## What the exercise asks
Span requested from the data below: the line with "JADE TEAL Floral" through the line with "My Combat Patrol", both included. Give only these lines again, exactly, and leave every picture out.

## Materials provided
----

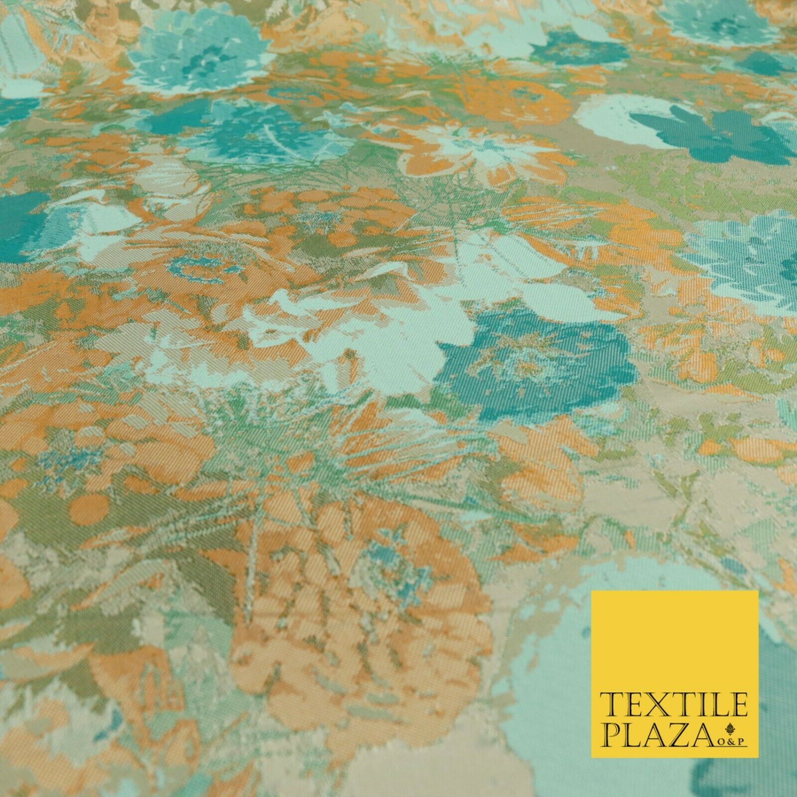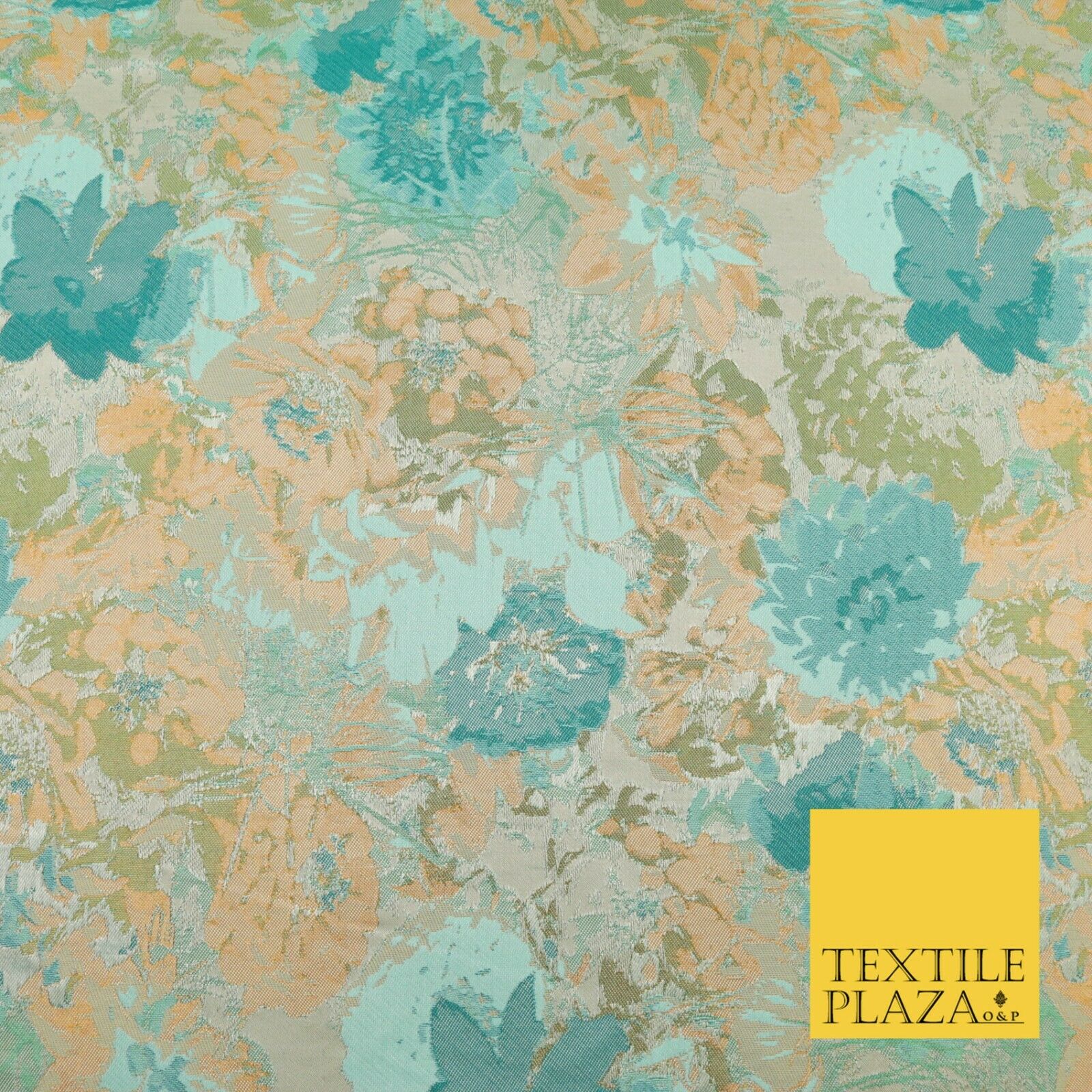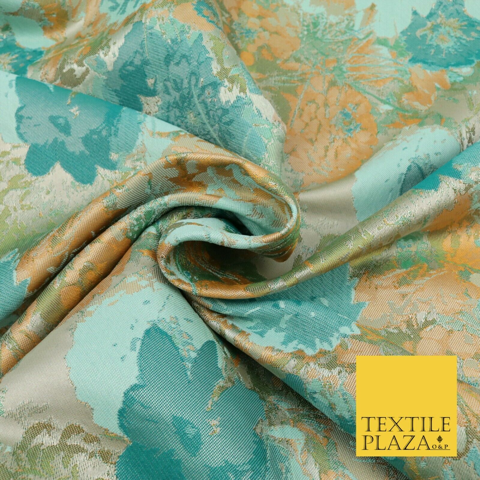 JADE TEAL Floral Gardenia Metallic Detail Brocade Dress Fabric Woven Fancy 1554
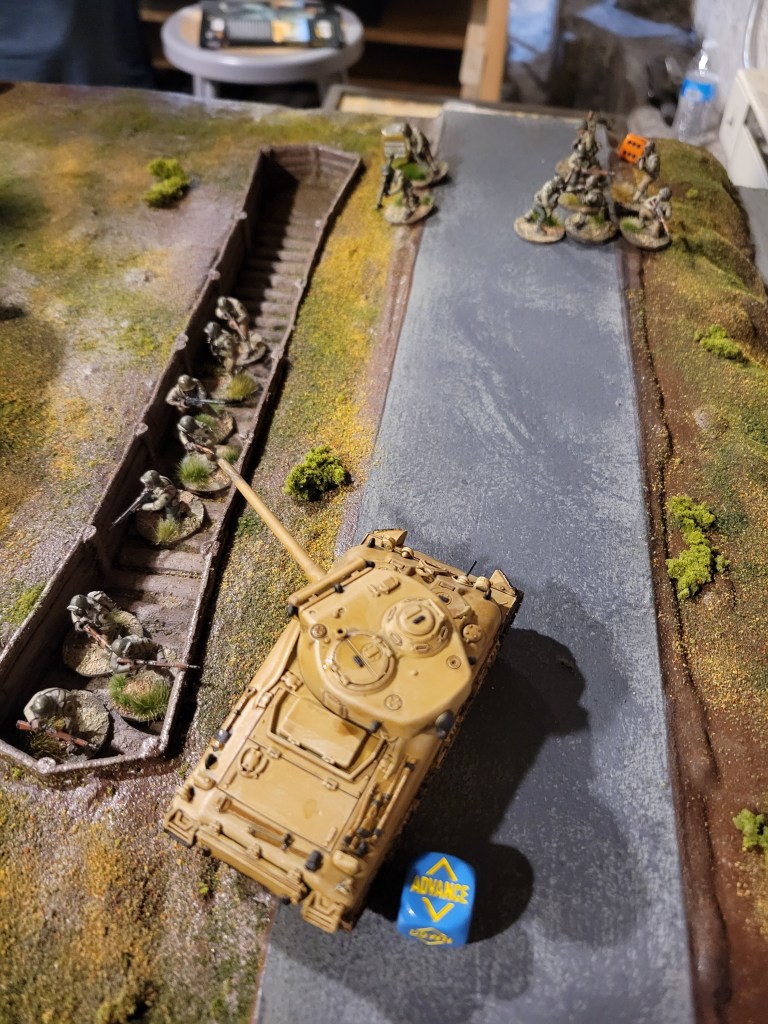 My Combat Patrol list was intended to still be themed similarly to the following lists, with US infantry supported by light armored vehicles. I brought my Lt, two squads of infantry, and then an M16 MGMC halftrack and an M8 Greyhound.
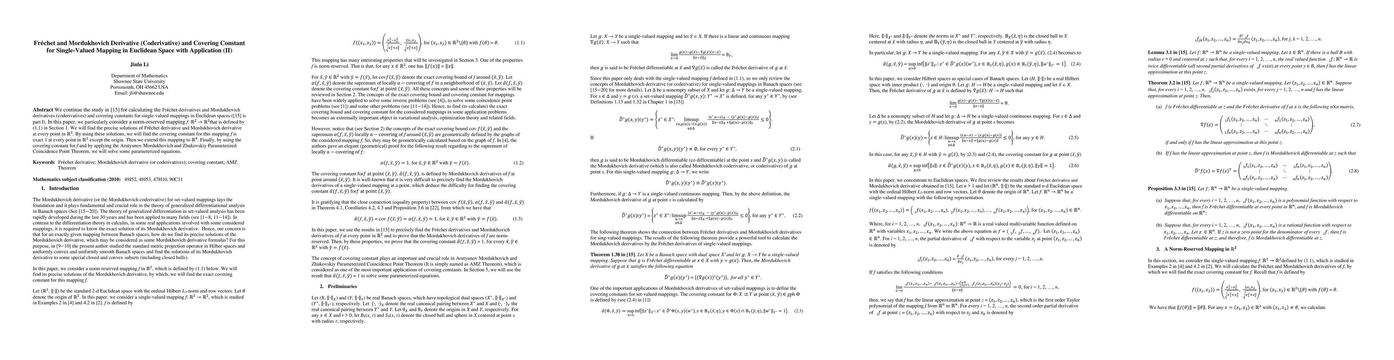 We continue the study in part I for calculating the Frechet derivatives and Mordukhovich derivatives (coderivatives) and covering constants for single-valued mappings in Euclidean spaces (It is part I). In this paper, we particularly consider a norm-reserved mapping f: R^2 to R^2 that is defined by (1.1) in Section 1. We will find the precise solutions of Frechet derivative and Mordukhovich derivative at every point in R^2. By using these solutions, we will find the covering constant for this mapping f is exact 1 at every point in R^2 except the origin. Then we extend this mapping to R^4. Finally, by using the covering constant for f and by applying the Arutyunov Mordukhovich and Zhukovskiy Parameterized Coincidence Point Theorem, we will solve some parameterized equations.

----

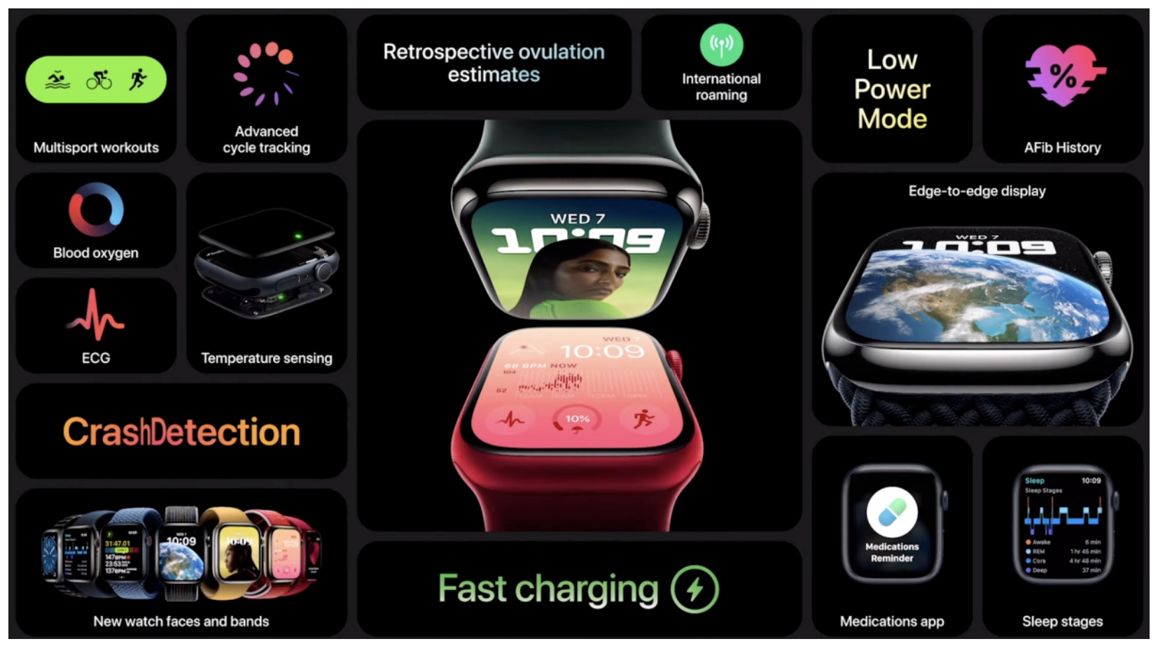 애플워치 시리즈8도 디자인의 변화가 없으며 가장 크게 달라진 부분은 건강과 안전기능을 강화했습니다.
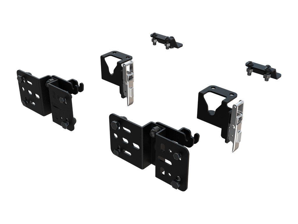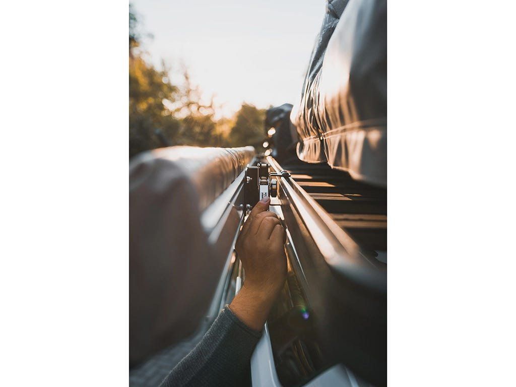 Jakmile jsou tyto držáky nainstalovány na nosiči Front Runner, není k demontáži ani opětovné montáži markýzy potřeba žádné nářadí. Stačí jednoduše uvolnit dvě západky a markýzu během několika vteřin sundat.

----

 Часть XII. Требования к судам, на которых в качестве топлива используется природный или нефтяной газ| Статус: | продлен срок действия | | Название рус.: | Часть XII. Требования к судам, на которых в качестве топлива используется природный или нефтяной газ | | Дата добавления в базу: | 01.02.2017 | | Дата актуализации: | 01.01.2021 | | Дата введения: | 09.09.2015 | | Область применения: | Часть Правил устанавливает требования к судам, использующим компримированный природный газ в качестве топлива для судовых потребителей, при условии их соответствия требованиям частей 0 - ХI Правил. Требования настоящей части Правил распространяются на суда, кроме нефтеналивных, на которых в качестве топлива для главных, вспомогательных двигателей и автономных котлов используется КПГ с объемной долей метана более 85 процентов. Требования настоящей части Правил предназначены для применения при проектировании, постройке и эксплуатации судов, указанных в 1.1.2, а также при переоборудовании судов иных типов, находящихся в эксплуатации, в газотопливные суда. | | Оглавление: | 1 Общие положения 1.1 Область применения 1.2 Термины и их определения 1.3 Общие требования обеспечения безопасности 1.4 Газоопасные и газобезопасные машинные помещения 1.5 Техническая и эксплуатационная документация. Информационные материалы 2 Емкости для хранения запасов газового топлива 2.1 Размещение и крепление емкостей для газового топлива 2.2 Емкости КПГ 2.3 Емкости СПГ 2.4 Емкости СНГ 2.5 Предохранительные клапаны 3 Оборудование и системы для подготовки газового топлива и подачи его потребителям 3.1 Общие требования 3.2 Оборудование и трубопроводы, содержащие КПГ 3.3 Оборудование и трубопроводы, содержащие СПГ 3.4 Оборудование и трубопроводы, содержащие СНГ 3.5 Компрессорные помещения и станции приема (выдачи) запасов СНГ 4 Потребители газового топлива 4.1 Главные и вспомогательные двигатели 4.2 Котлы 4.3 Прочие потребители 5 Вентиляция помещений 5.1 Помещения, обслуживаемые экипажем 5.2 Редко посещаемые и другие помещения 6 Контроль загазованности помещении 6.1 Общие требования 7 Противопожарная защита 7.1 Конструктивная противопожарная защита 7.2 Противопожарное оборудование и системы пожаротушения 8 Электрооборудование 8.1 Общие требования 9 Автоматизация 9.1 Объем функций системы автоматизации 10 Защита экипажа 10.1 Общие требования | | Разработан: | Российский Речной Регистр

----

## Finished task
 JADE TEAL Floral Gardenia Metallic Detail Brocade Dress Fabric Woven Fancy 1554
 My Combat Patrol list was intended to still be themed similarly to the following lists, with US infantry supported by light armored vehicles. I brought my Lt, two squads of infantry, and then an M16 MGMC halftrack and an M8 Greyhound.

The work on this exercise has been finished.